Source: Bloomberg, between December 15, 2010 and January 31, 2017.
Performance greater than one year is annualized.
The indicated rates of return are the historical annual compounded total returns including changes in per unit value and reinvestment of all dividends or distributions and do not take into account sales, redemption, distribution or optional charges or income taxes payable by any securityholder that would have reduced returns. The rates of return shown in the table are not intended to reflect future values of the ETF or returns on investment in the ETF. Only the returns for periods of one year or greater are annualized returns.

Investment Objectives:

BetaPro S&P 500 VIX Short-Term Futures™ 2x Daily Bull ETF (HVU): Seeks investment results, before fees, expenses, distributions, brokerage commissions and other transaction costs that endeavour to correspond to the performance of the S&P 500 VIX Short-Term Futures Index™. Any U.S. dollar gains or losses as a result of the ETF’s investment will be hedged back to the Canadian dollar to the best of the ETF’s ability.

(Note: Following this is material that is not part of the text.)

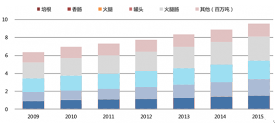 上年能繁母豬平均存欄數(shù)(萬頭)PSY全年生豬供應(yīng)量測算(萬頭)2010488813.65667002011472913.99661702012478914.54696282013499014.34715572014501014.67735102015E459015.50711492016E407817.00693222009-2016年我國主要領(lǐng)域豬肉需求量測算:萬噸

BetaPro S&P 500 VIX Short-Term Futures™ ETF (HUV): Seeks daily investment results, before fees, expenses, distributions, brokerage commissions and other transaction costs that endeavour to correspond to two times (200%) the daily performance of the S&P 500 VIX Short-Term Futures Index™. Any U.S. dollar gains or losses as a result of the ETF’s investment will be hedged back to the Canadian dollar to the best of the ETF’s ability.

BetaPro S&P 500 VIX Short-Term Futures™ Daily Inverse ETF (HVI): Seeks daily investment results, before fees, expenses, distributions, brokerage commissions and other transaction costs that endeavour to correspond to the inverse (opposite) of the daily performance of the S&P 500 VIX Short-Term Futures Index™. Any U.S. dollar gains or losses as a result of the ETF’s investment will be hedged back to the Canadian dollar to the best of the ETF’s ability.